Data supplied:
::::::::

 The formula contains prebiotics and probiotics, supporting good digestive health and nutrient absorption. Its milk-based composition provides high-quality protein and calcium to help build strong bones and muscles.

::::::::

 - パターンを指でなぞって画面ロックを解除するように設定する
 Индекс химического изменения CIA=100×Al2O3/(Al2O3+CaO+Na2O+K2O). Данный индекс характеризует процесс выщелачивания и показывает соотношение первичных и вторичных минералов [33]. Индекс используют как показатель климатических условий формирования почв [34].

::::::::

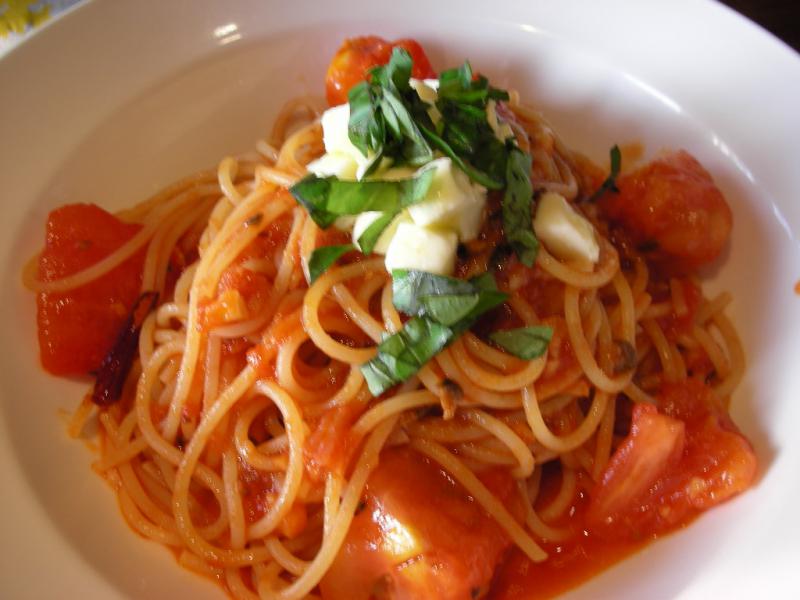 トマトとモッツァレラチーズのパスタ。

::::::::

Exercise aim: Reproduce the entries above exactly, but only the lines between the line holding "- パターンを指でなぞって画面ロックを解除するように設定する" and the line holding "Индекс химического изменения", inclusive.

Answer space:
 - パターンを指でなぞって画面ロックを解除するように設定する
 Индекс химического изменения CIA=100×Al2O3/(Al2O3+CaO+Na2O+K2O). Данный индекс характеризует процесс выщелачивания и показывает соотношение первичных и вторичных минералов [33]. Индекс используют как показатель климатических условий формирования почв [34].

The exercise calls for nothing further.